This is the mail archive of the
systemtap@sourceware.org
mailing list for the systemtap project.
Re: Hashtable
- From: Arkady <arkady dot miasnikov at gmail dot com>
- To: David Smith <dsmith at redhat dot com>
- Cc: systemtap at sourceware dot org
- Date: Thu, 6 Jul 2017 20:50:44 +0300
- Subject: Re: Hashtable
- Authentication-results: sourceware.org; auth=none
- References: <CANA-60ovD=B6BC-d4cCB6P+LEtwq=CYS7YU+4LG-MV1676Du9g@mail.gmail.com> <CAKFOr-bwstqmAYgBYuBQyuH+baY-fMF=XjAaO7PMDnLqwGK7Xw@mail.gmail.com> <CANA-60rDXaNof4v2vZYHbb6KXJoNMY58YXdEGcM8Cz7FV0Shtg@mail.gmail.com> <CANA-60oU8omKZ51-KGqRdYipf8=bQV59rJyPHaR14jSqpqvBYA@mail.gmail.com>
P.S.2
Convenient links for copy&paste
https://gist.githubusercontent.com/larytet/10ceddea609d2da17aa09558ed0e04bc/raw/05037d536e5edf0e2f5a45282c41b8fa46d1fd55/SystemTap_tests.sh
https://gist.githubusercontent.com/larytet/fc147587e9dfecfe99ab6bac2ba4aaa0/raw/670e385cb76798b526de9f4265046cf576c42f4e/SystemTap_tests
On Thu, Jul 6, 2017 at 8:45 PM, Arkady <arkady.miasnikov@gmail.com> wrote:
> P.S. The performance is very sensitive to TRYLOCKDELAY which is expected.
>
>
> On Thu, Jul 6, 2017 at 8:25 PM, Arkady <arkady.miasnikov@gmail.com> wrote:
>> On Thu, Jul 6, 2017 at 7:36 PM, David Smith <dsmith@redhat.com> wrote:
>>> On Wed, Jul 5, 2017 at 11:46 AM, Arkady <arkady.miasnikov@gmail.com> wrote:
>>>> Hi,
>>>>
>>>> I have a CPU bottleneck in some situations on heavy loaded servers.
>>>>
>>>> From the tests it appears that associative maps contribute significant
>>>> part of the overhead.
>>>
>>> ... stuff deleted ...
>>>
>>> Can you show us your script (or the associate map portion) that
>>> illustrates the performance problem? Perhaps we can make some
>>> suggestions.
>>>
>> My test is a tight loop
>>
>> file=echo_file_`date +%s%N`; echo $file; echo > $file; counter=1;
>> end=$((SECONDS+10)); while [ $SECONDS -lt $end ]; do echo $counter >>
>> $file; counter=$((counter+1)); done; tail -n 1 $file;rm -f $file
>>
>> I run a number of these - one per core.
>>
>>
>> My stap script is something like this (8 probes)
>>
>> stap -g -e '%{long long counter;u8 shm[256];static void*
>> w_shm(void);static void* w_shm() {memset(shm, 0, sizeof(shm));return
>> shm;} %} probe syscall.close{%{ {counter++;w_shm();} %}} probe
>> syscall.close.return {%{ {counter++;w_shm();} %}} probe
>> syscall.open{%{ {counter++;w_shm();} %}} probe syscall.open.return{%{
>> {counter++;w_shm();} %}} probe syscall.dup2.return{%{
>> {counter++;w_shm();} %}} probe syscall.dup2.return{%{
>> {counter++;w_shm();} %}} probe syscall.read.return{%{
>> {counter++;w_shm();} %}} probe syscall.read{%{ {counter++;w_shm();}
>> %}} probe end { %{ {printk("\n%lli\n", counter);} %}}'
>>
>>
>> w_shm() simulates writes to the shared memory.
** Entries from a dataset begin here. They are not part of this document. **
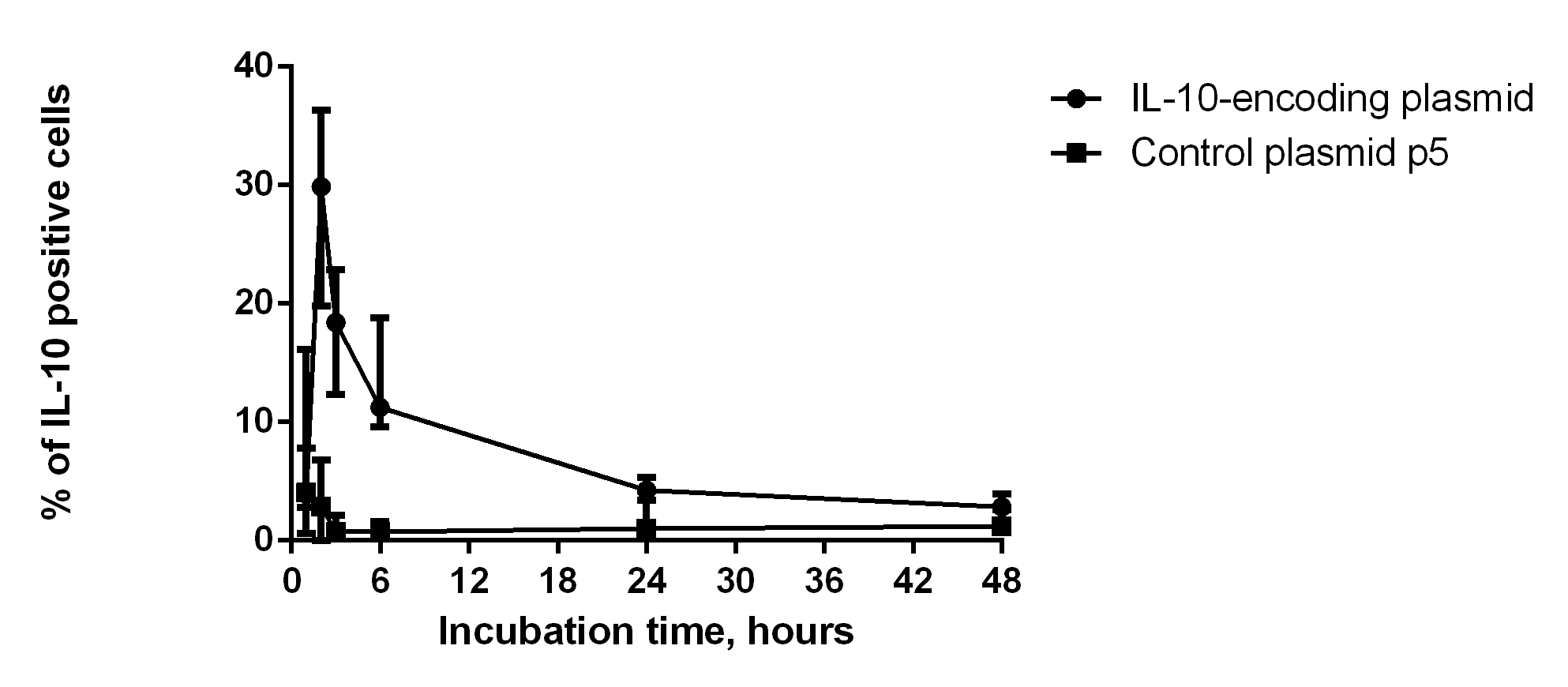 Results of flow cytometry assessment of intracellular IL-10 in dendritic cells in 1, 2, 3, 6. 24 and 48 h after transduction (Fig. 2) showed that the relative number of cells expressing intracellular IL-10 increased significantly on hour 2 after transduction. The relative number of dendritic cells transfected by control p5 plasmid was under 5% during 48 h after the transfection.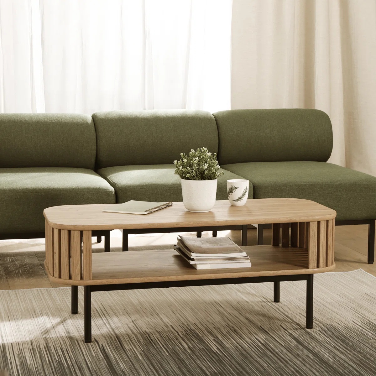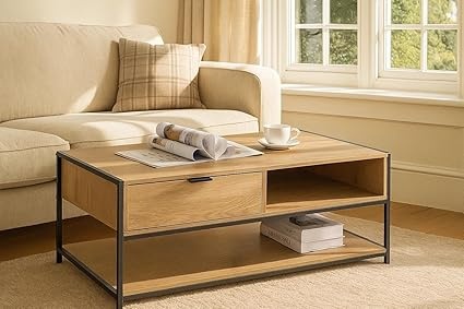 جلو مبلی مدرن و مینمال ترکیب چوب و فلز رنگ بلوطی | رنگبندی دارد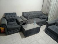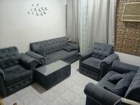 طقم كنب ثقيل بمثابة الجديد نظافة عالية لون مميز لغرف الاستقبال يحتوي على كرسيين مفردين وكرسي دبل وكرسي لثلاث أشخاص، ويتضمن أيضا طاولة توضع في الوسط، والسبب الرئيسي للبيع العودة لأرض الوطن، والسعر 850 درهم وقابل للتفاوض للتواصل على الرقم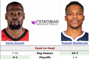 在本场比赛之前,杜兰特和威少常规赛相遇17场,杜兰特7胜10负;季后赛相遇5场,杜兰特4胜1负。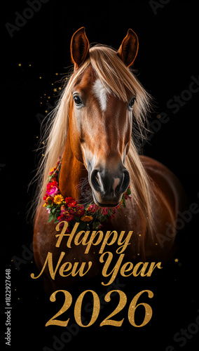 2026年の新年挨拶状や招待状に最適な馬と黒背景のエレガントな縦長デザイン. 生成AI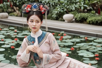 A Qing Dynasty princess, adorned in an intricately detailed traditional gown with ornate patterns and vibrant colors, gracefully sits by a lotus pond. Her makeup is subtle yet refined, highlighting her elegant features. She wears a meticulously styled headdress adorned with precious jewels and silk flowers, complementing her regal attire. The scene is bathed in soft natural light, emphasizing the intricate embroidery and accessories that signify her noble status. The composition captures her poised demeanor and the exquisite craftsmanship of her royal garments and accessories.

>> The performance impact is ~15% for 4 cores
>>
>> I am adding a map (global ar%):
>>
>> stap -D MAXSKIPPED=0 -D MAXTRYLOCK=1000000 -D TRYLOCKDELAY=10 -g -e
>> 'global ar%; function w_ar() {ar[tid()]=tid();} %{long long counter;u8
>> shm[256];static void* w_shm(void);static void* w_shm() {memset(shm, 0,
>> sizeof(shm));return shm;} %} probe syscall.close{w_ar();%{
>> {counter++;w_shm();} %}} probe syscall.close.return {w_ar();%{
>> {counter++;w_shm();} %}} probe syscall.open{w_ar();%{
>> {counter++;w_shm();} %}} probe syscall.open.return{w_ar();%{
>> {counter++;w_shm();} %}} probe syscall.dup2.return{w_ar();%{
>> {counter++;w_shm();} %}} probe syscall.dup2.return{w_ar();%{
>> {counter++;w_shm();} %}} probe syscall.read.return{w_ar();%{
>> {counter++;w_shm();} %}} probe syscall.read{w_ar();%{
>> {counter++;w_shm();} %}} probe end { %{ {printk("\n%lli\n",
>> counter);} %}}'
>>
>> I am getting 35% hit. The overhead grows with the number of cores.
>>
>> The scripts roughly reflect what I am doing in the actual code. I have
>> 1-3 associative arrays per syscall type. For example I keep separate
>> arrays for probe syscall.read and probe syscall.write
>>
>> I have ~30 probes - I/O, networking, thread life cycle.
>>
>>> (Also note that I've started a background personal task to reduce the
>>> use of locks in systemtap. I don't have much to show for it yet.)
>>>
>>
>> It looks like the performance of the probes does not scale well with
>> the number of cores. The overhead increases with the number of cores
>> growing. I suspect that the spin locks at the beginning of every probe
>> are to blame.
>>
>>> --
>>> David Smith
>>> Principal Software Engineer
>>> Red Hat
>>
>> Thank you, Arkady.